Vericker to be Honored with Outstanding Continuing Education Faculty Award Chris Vericker, an adjunct faculty member of Emmanuel’s Graduate and Professional Programs, was named the 2011 recipient of the Outstanding Continuing Education Faculty Award from the University Professional & Continuing Education Association (UPCEA), New England region. Vericker will be honored at the association’s conference in Providence, R.I., on October 26th. Vericker has been an adjunct faculty member at Emmanuel since 1996. He has instructed over 150 courses in the Bachelor of Science in Business Administration program and the graduate programs in management, research administration, and human resource management. In addition, he has been instrumental in the development of new graduate management specializations, which include two courses delivered in a fully online format. As a long-serving faculty member in Graduate and Professional Programs, Vericker is well regarded by his colleagues and is often sought out for direction and guidance. As an

Chris Vericker

instructor, he is consistently evaluated by students as among the top faculty members in management. Students appreciate his ability to make complex subject matter engaging and relevant while understanding their interest in career growth at their places of employment. “His greatest strength [is] to put himself in the place of the student, see things from that point of view, and work together with each student to ensure success in the course,” said Sheila Doyle, a student of Vericker’s within the graduate programs in research administration. Vericker’s appreciation for the needs of his students stems from his own

experience in education, having received both his bachelor and master’s degrees as a part-time student. He holds a Bachelor of Science from St. Peter’s College and a Master of Science from Pace University. Of his own educational experience, he told Emmanuel News in 2007, “I know it really helped me find my way in life and gave me an opportunity to get my education.” In addition to teaching, Vericker is the vice president of the Construction Lending Group of Middlesex Savings Bank where he has worked for seven years. Even with a full-time career of his own, he maintains an exceptional commitment to Emmanuel College and its students in Graduate and Professional Programs.

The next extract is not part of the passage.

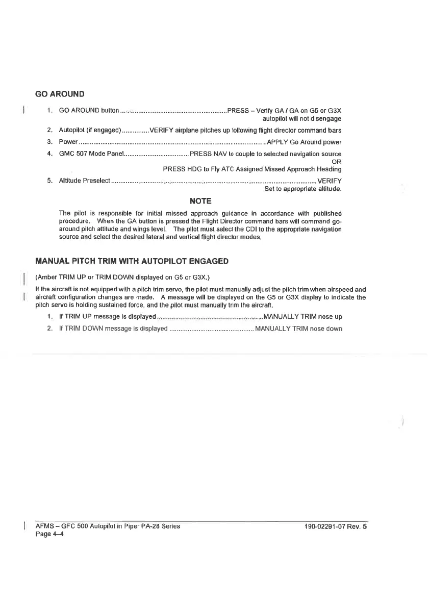 Piper ARCHER II - GO AROUND; MANUAL PITCH TRIM WITH AUTOPILOT ENGAGED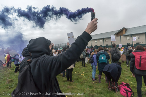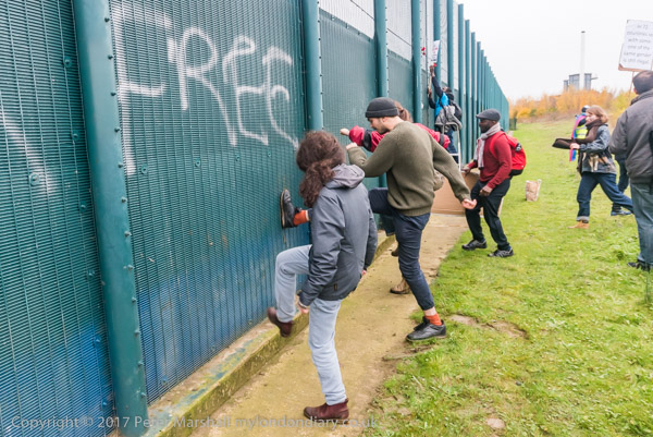 and are soon at the fence with graffiti from a previous protest 'nobody

In her official nomination of Vericker to UPCEA, Executive Assistant to the Vice President of Academic Affairs Ellen Mendonca, formerly the director of advising and special projects for Graduate and Professional Programs, highlighted some of his outstanding contributions, from serving as a graduate student advisor for capstone projects and mentor to

students and colleagues, to attending student events and participating in activities across the College. “Chris exemplifies all the extraordinary traits that we seek for continuing education faculty members teaching adult and graduate students,” she wrote. “We are so fortunate to have Chris as part of our esteemed faculty in Graduate and Professional Programs.” “A special talent Chris possesses is his understanding of the intersection of an excellent academic credential, which our students seek, and how this credential impacts the workforce development strategies of their employer,” said Dr. Judith Marley, dean of Emmanuel’s Graduate and Professional Programs. “Chris’s insights in this area played a key role in the expansion of Emmanuel’s employer partnerships with Harvard University, Brigham and Women’s Hospital, and Blue Cross Blue Shield, to name only a few. Clearly Chris’s work translates to both student and community impact. It is a delight to work with him.”